▶ **TASK DESCRIPTION**
Where the line containing "Artist Signed Studio" appears below, begin there and reproduce each line exactly through the last one, omitting pictures.

[Records drawn from a dataset]
++++++
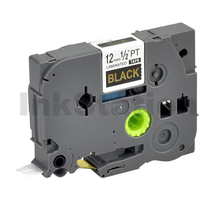 Brother TZe-334 Compatible 12mm Gold Text on Black Laminated Tape – 8 meters
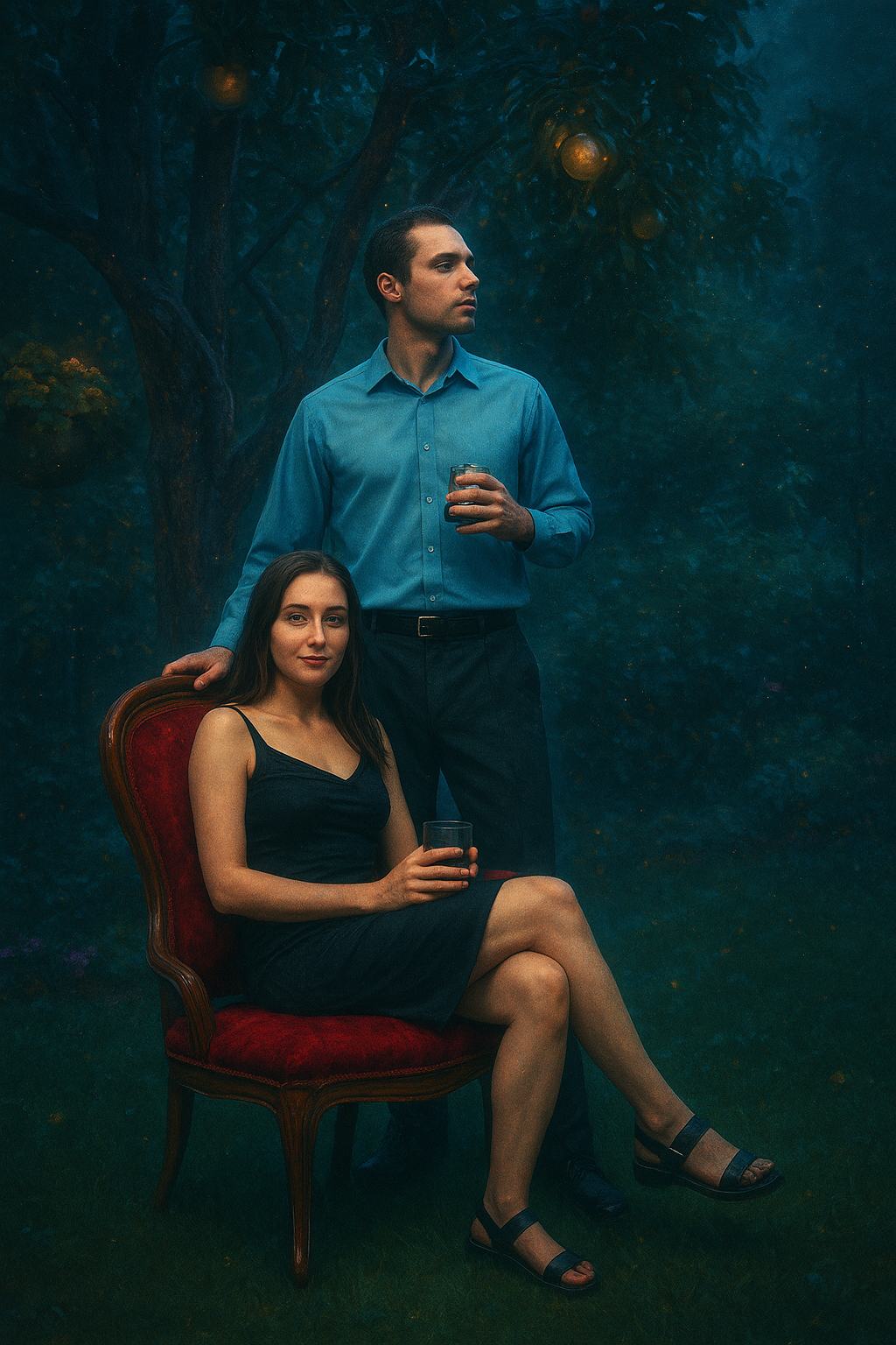 a man standing next to a woman on a red chair
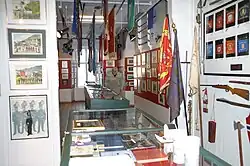 The Buekorps Museum was established in 1977 and is located in Murhvelvingen on Østre Muralmenning. Murhvelvingen was constructed as a private residence after a great fire disaster in Bergen in 1561. Construction was directed by nobleman Erik Ottesen Rosenkrantz til Arreskov (1519-1575), who was commander Bergenhus from 1560 to 1568. The building was damaged by fires in 1625, 1640, and 1643 and was repaired in 1651–52. The current pavilion was built after the Bergen fire of 1702.[3] [4][5]
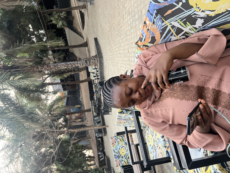 The image depicts an outdoor lounge or restaurant area in Ado, Nigeria, with a paved ground under an open sky
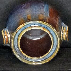 Artist Signed Studio Pottery Vase Pot Planter Vessel Two Handles Glazed Boho
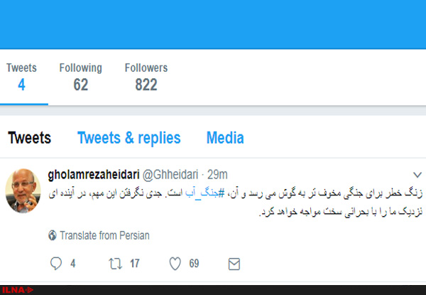 این عضو شورای مرکزی فراکسیون امید مجلس نوشت: «زنگ خطر برای جنگی مخوفتر به گوش میرسد و آن، «جنگ آب» است. جدی نگرفتن این مهم، در آیندهای نزدیک ما را با بحرانی سخت مواجه خواهد کرد.»
++++++
▶ **ANSWER FOR THIS EXERCISE**
 Artist Signed Studio Pottery Vase Pot Planter Vessel Two Handles Glazed Boho
 این عضو شورای مرکزی فراکسیون امید مجلس نوشت: «زنگ خطر برای جنگی مخوفتر به گوش میرسد و آن، «جنگ آب» است. جدی نگرفتن این مهم، در آیندهای نزدیک ما را با بحرانی سخت مواجه خواهد کرد.»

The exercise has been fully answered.